Walter Hewlett, the son of one of the founders of Hewlett-Packard Co. lost his seat on the company"s board of directors on Friday after shareholders approved a new slate that deliberately excluded him because of his bid to overturn the merger with Compaq Computer Corp.
The changing of the guard at HP"s sparsely attended annual meeting marked the first time in the 63-year history of Hewlett-Packard that no member of the founding families had a seat on the board.
The Hewlett and Packard families -- with about 18 percent of HP stock -- strongly opposed the $18 billion merger that Chief Executive Carly Fiorina championed in a hard-fought and often nasty four-month proxy battle that culminated in a raucous March 19 vote, which HP says it won but which Hewlett is challenging.
Friday"s meeting was attended by about 300 shareholders in the same cavernous Silicon Valley concert hall that hosted the contentious merger vote where throngs of protesters held placards outside the hall and challenged Fiorina.
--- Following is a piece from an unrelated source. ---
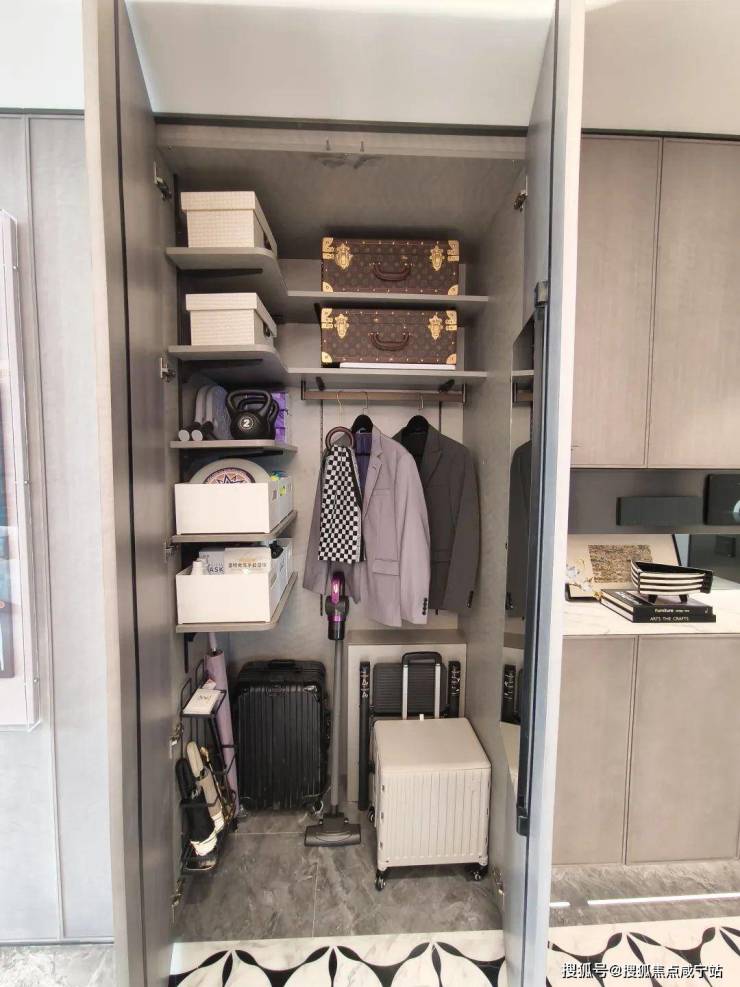 入户时候身上的大衣、孩子的童车、大型的行李箱,都可以置放于此,还贴心设置了换衣镜,加上玄关柜,预计的储物空间约2212L,相当于50个20寸登机箱的容量。

"I believe dissent should be respected and valued," shareholder Andy Black told Fiorina, one of two shareholders who questioned Walter Hewlett"s exclusion from the board, prompting the strongest applause of the day.
Fiorina said Hewlett had turned from a "dissenter" to an "adversary" when he filed suit to stop the merger after shareholders had voted, and in doing so had damaged HP"s reputation. "The shareholders have spoken and we must move on," she said.
Over 80 percent of the ballots were cast in favor of the slate of directors put forth by the company, Fiorina said.
Aside from the board election, the agenda did not address the contested merger. HP says it won the March 19 merger vote by a narrow margin, although the results have still not been officially certified.